We are not invited to know, to discover, to learn because much of the information is being collated, then maintained by private companies. The information we are given back doesn’t allow us to make decisions in any other way than on an individual basis, making the opportunity for collective change almost non-existent. We think that this is a form of respect of our private lives, but in fact it is also a way for us to avoid knowing, discovering and learning collectively. To learn from each other. And being prevented from accessing and developing knowledge prevents us from taking action, capitalism’s ultimate weapon.

Let’s assume this is because we are weak, we are self-absorbed and we lack enough technical literacy to care about all this. What would someone else do?

Let’s imagine Margaret. Margaret is a little girl of 6 and is growing up in the future. She learnt how to code at the same time as learning how to read and write. She was playing with Cubetto and Prelibri when she was a toddler.
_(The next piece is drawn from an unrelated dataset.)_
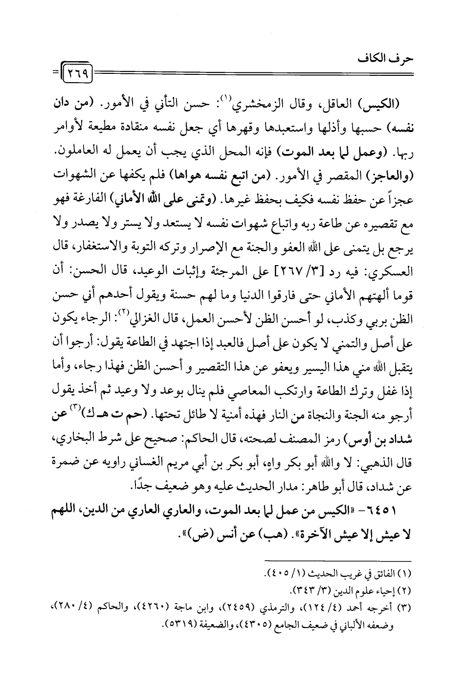 (الكيس) العاقل، وقال الزمخشري (¬1): حسن التأني في الأمور. (من دان نفسه) حسبها وأذلها واستعبدها وقهرها أي جعل نفسه منقادة مطيعة لأوامر ربها. (وعمل لما بعد الموت) فإنه المحل الذي يجب أن يعمل له العاملون. (والعاجز) المقصر في الأمور. (من اتبع نفسه هواها) فلم يكفها عن الشهوات عجزاً عن حفظ نفسه فكيف بحفظ غيرها. (وتمنى على الله الأماني) الفارغة فهو مع تقصيره عن طاعة ربه واتباع شهوات نفسه لا يستعد ولا يستر ولا يصدر ولا يرجع بل يتمنى على الله العفو والجنة مع الإصرار وتركه التوبة والاستغفار، قال العسكري: فيه رد [3/ 267] على المرجئة وإثبات الوعيد، قال الحسن: أن قوماً ألهتهم الأماني حتى فارقوا الدنيا وما لهم حسنة ويقول أحدهم أني حسن الظن بربي وكذب، لو أحسن الظن لأحسن العمل، قال الغزالي (¬2): الرَّجاء يكون على أصل والتمني لا يكون على أصل فالعبد إذا اجتهد في الطاعة يقول: أرجوا أن يتقبل الله مني هذا اليسير ويعفو عن هذا التقصير وأحسن الظن فهذا رجاء، وأما إذا غفل وترك الطاعة وارتكب المعاصي فلم ينال بوعد ولا وعيد ثم أخذ يقول أرجو منه الجنة والنجاة من النار فهذه أمنية لا طائل تحتها. (حم ت هـ ك) (¬3) عن شداد بن أوس) رمز المصنف لصحته، قال الحاكم: صحيح على شرط البخاري، قال الذهبي: لا والله أبو بكر واهٍ، أبو بكر بن أبي مريم الغساني راويه عن ضمرة عن شداد، قال أبو طاهر: مدار الحديث عليه وهو ضعيف جدًا.
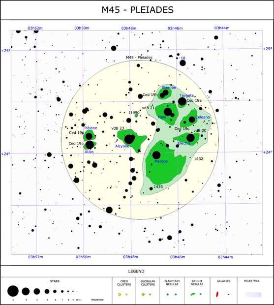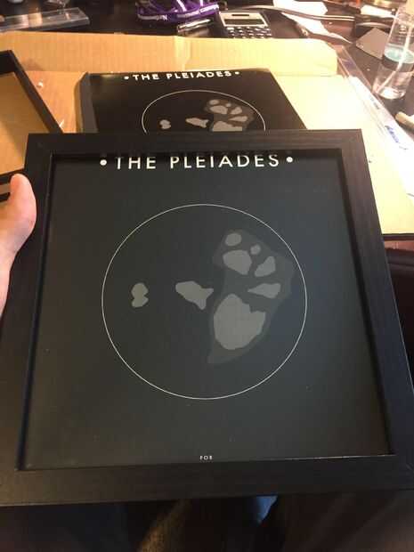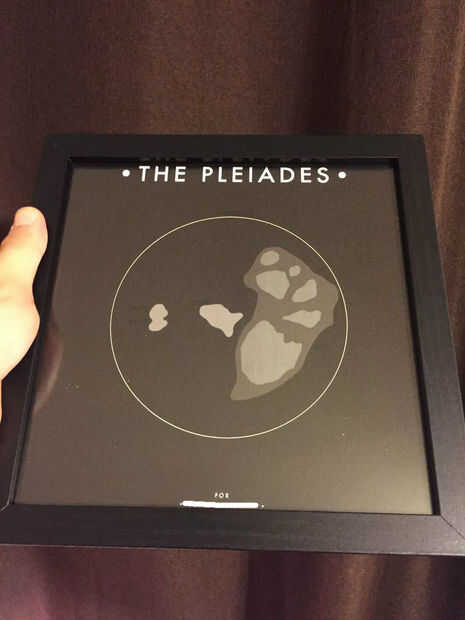 Lo primero que necesita hacer es elegir un diseño para su mapa de la estrella. Pude encontrar un mapa técnico finamente detallado (archivo adjunto) de las Pléyades y utilizó esto como base para mi diseño del fondo. Algunos de los elementos en el mapa fueron modificados por el bien de estética: el círculo se centraba, cambió el título, las líneas de división retirado, nebulosa marcas y alisadas. Lo importante, las estrellas no fueron incluidas en el fondo. Asegúrese de tener en cuenta el área del fondo que será cubierto por el marco. Una versión adicional del mapa con las estrellas estaba dispuesta a utilizar como recubrimiento para hacer las estrellas. He utilizado GIMP para el diseño de fondo; se incluyen archivos .xcf y la imagen de ambos.

She got her first Arduino Junior at age 5 and was making small responsive objects out of cardboard. She really wanted to be a vet so use to measure the pulse and temperature  of her cat and dog with a cardboard wearable she made. She learnt to see sensors and technology as just another thing in her world.

She used to tell her parents off about wasting food and used to show them the online facebook data log for her street, showing them how the other kids in the street would recycle more. Every morning she would check the barometer and air quality sensor next to the door to take her face-mask or umbrella accordingly. If the NO2 levels got bad enough on her street and more than 30% of doors were showing the same-ish results this would auto-file an e-petition to her local government to reduce traffic in her local area on health and safety grounds.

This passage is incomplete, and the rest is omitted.